| Entries shown |
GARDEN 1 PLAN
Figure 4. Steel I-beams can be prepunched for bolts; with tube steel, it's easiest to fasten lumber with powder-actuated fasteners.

...

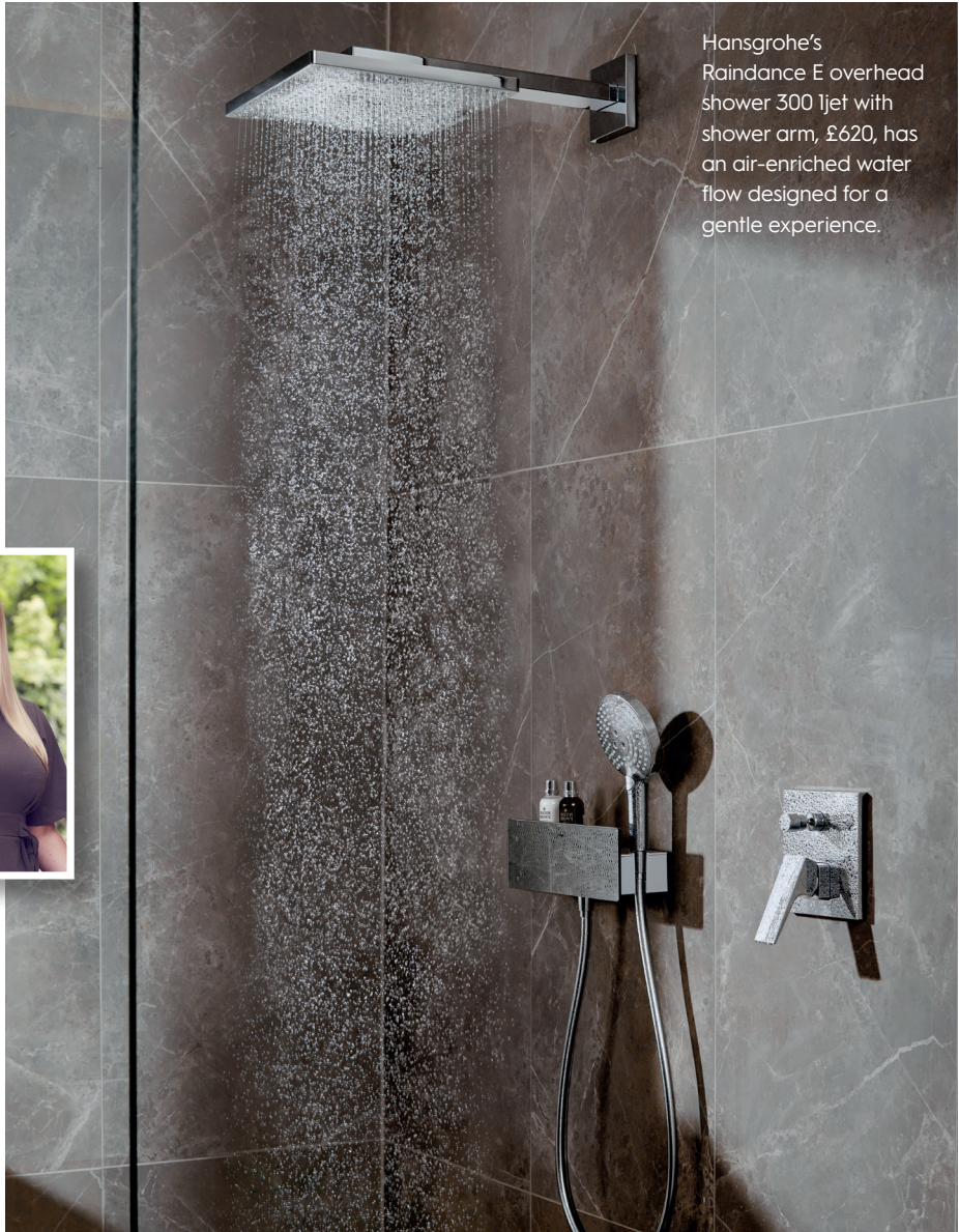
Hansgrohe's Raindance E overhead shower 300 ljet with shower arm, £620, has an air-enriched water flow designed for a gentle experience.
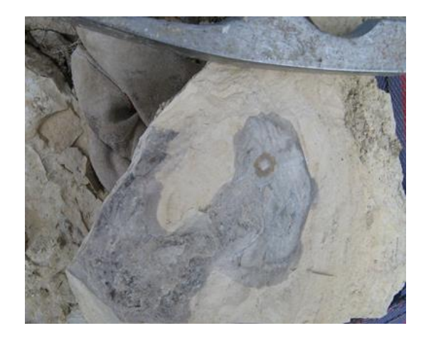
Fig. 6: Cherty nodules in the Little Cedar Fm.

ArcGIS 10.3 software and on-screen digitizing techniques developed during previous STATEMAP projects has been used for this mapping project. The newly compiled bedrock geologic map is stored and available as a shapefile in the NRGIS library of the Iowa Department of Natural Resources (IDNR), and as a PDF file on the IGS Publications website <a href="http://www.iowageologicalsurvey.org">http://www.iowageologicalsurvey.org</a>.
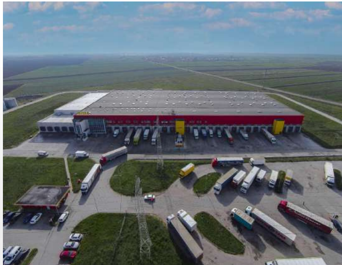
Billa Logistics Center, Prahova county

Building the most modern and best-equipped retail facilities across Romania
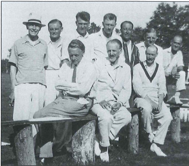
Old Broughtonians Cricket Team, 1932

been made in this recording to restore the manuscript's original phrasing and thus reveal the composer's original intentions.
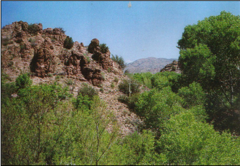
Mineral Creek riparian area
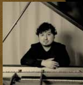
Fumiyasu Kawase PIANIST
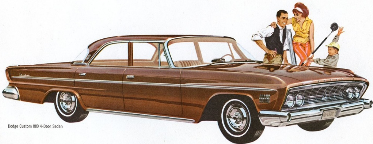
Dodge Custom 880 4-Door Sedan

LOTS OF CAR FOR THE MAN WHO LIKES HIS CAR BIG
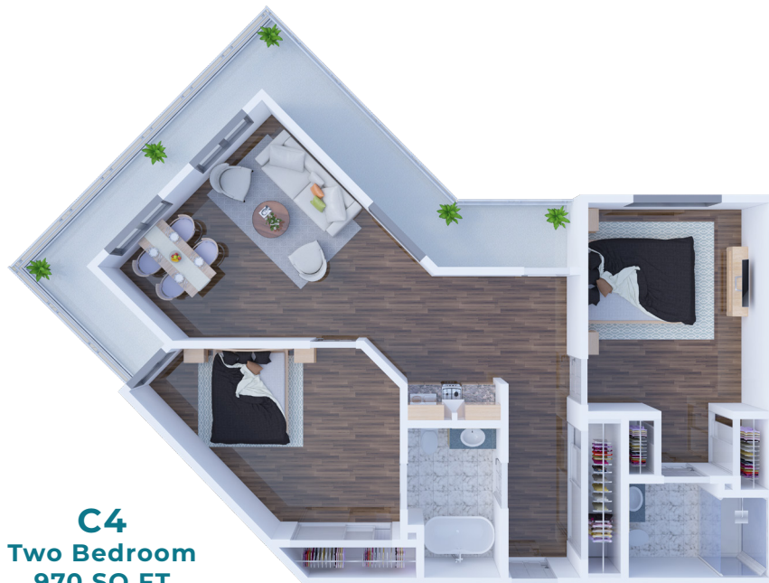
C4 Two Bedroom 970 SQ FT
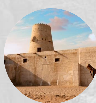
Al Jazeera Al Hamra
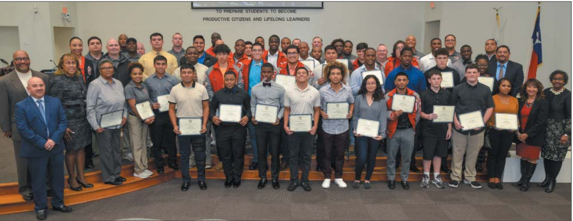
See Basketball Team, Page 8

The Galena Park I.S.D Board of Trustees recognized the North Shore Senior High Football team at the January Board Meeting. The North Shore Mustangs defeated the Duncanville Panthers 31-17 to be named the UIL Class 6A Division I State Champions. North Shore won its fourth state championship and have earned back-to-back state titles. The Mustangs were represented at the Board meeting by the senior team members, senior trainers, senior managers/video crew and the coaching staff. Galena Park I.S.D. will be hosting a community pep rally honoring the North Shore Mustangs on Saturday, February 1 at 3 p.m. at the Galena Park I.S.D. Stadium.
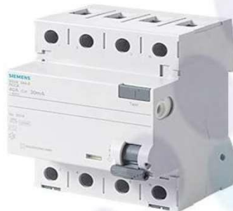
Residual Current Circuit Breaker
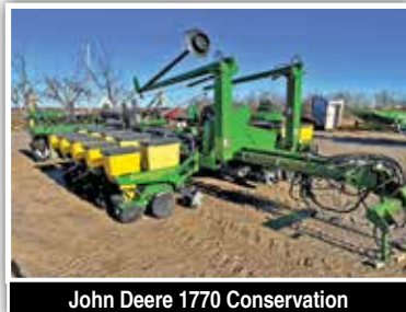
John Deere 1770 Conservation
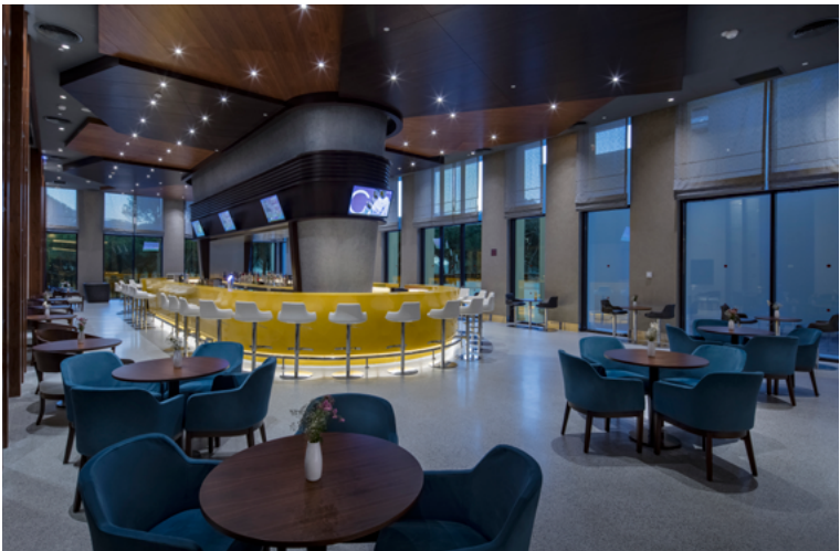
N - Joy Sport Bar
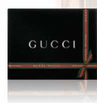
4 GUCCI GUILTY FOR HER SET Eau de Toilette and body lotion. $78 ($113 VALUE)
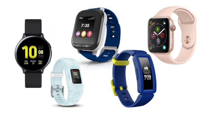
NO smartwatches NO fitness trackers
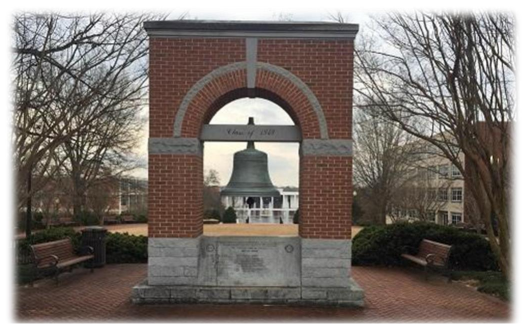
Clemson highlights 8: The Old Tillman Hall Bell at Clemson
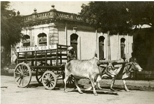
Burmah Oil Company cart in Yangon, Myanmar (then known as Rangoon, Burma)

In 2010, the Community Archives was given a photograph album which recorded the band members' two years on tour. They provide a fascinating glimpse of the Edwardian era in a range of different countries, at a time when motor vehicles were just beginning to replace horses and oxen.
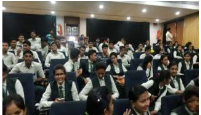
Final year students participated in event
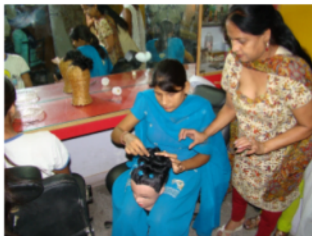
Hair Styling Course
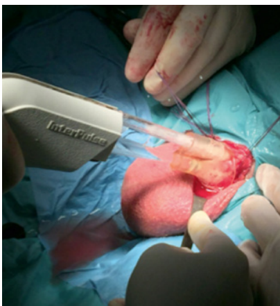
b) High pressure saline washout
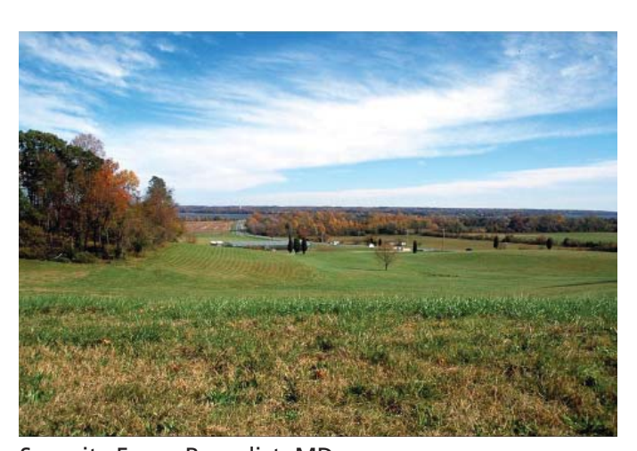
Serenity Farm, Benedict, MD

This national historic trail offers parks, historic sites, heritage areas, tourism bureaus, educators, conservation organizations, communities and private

...

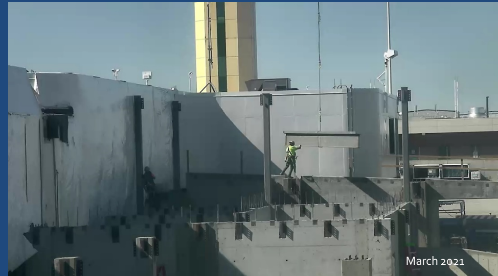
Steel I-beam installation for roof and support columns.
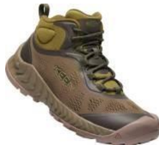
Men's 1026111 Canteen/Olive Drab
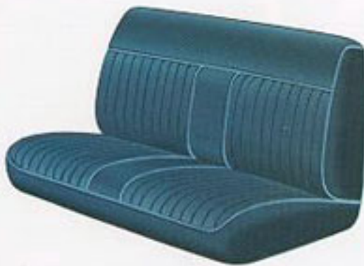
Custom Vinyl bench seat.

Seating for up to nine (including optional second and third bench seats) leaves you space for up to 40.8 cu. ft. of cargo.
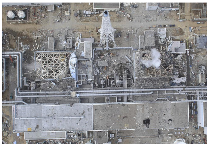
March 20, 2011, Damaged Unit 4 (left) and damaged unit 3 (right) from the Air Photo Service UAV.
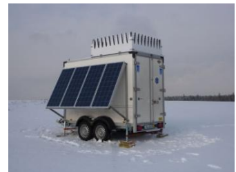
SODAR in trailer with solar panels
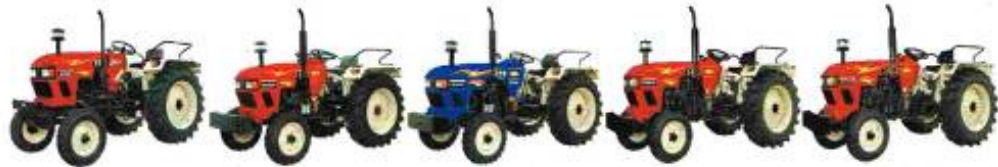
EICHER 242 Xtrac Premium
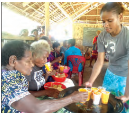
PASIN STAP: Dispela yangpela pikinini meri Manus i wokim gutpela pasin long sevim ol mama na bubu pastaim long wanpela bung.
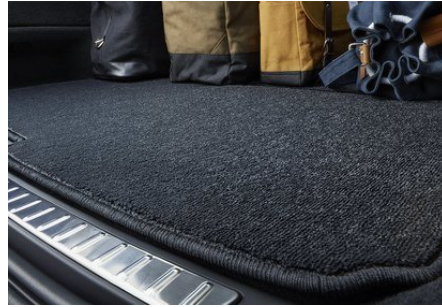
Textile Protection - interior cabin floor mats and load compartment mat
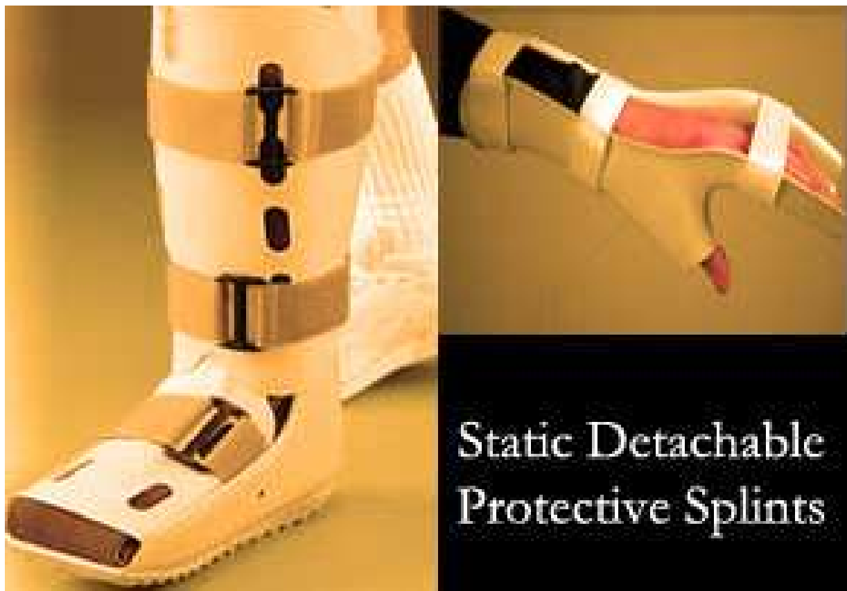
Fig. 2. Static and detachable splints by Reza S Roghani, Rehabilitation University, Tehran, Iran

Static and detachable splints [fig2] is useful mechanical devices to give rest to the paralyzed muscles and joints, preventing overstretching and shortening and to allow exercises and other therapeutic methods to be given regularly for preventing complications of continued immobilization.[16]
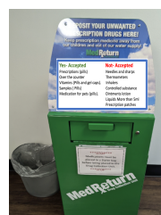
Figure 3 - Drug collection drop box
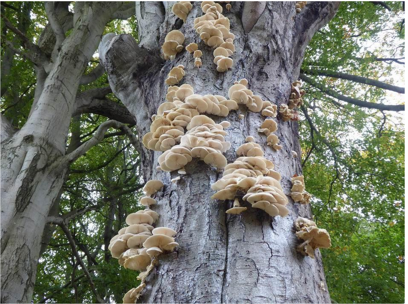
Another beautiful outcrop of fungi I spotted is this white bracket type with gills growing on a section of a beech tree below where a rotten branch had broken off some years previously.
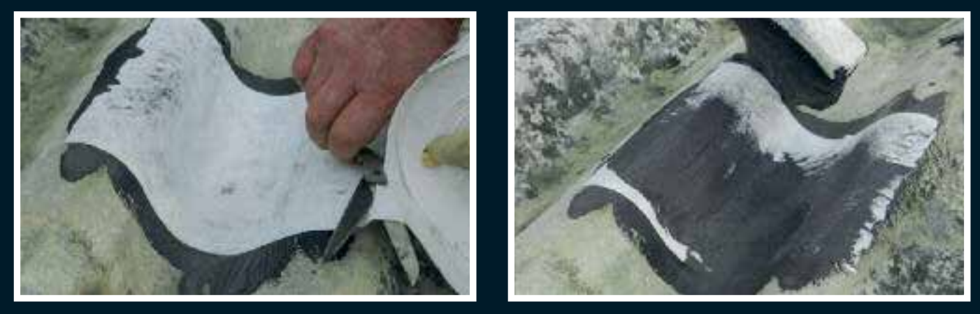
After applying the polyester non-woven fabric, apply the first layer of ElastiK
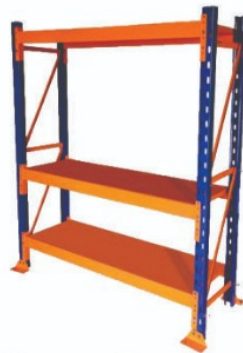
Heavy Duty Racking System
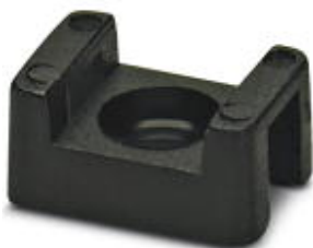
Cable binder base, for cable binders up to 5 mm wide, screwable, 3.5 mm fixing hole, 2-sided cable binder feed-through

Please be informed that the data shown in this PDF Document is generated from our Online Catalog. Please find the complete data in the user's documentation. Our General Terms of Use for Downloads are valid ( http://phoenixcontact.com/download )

| What you have to do |
Above are some records; extract exactly the lines from the one containing "N - Joy Sport Bar" through the one containing "In 2010, the" and drop the pictures.

| Output for this exercise |
N - Joy Sport Bar
4 GUCCI GUILTY FOR HER SET Eau de Toilette and body lotion. $78 ($113 VALUE)
NO smartwatches NO fitness trackers
Clemson highlights 8: The Old Tillman Hall Bell at Clemson
Burmah Oil Company cart in Yangon, Myanmar (then known as Rangoon, Burma)

In 2010, the Community Archives was given a photograph album which recorded the band members' two years on tour. They provide a fascinating glimpse of the Edwardian era in a range of different countries, at a time when motor vehicles were just beginning to replace horses and oxen.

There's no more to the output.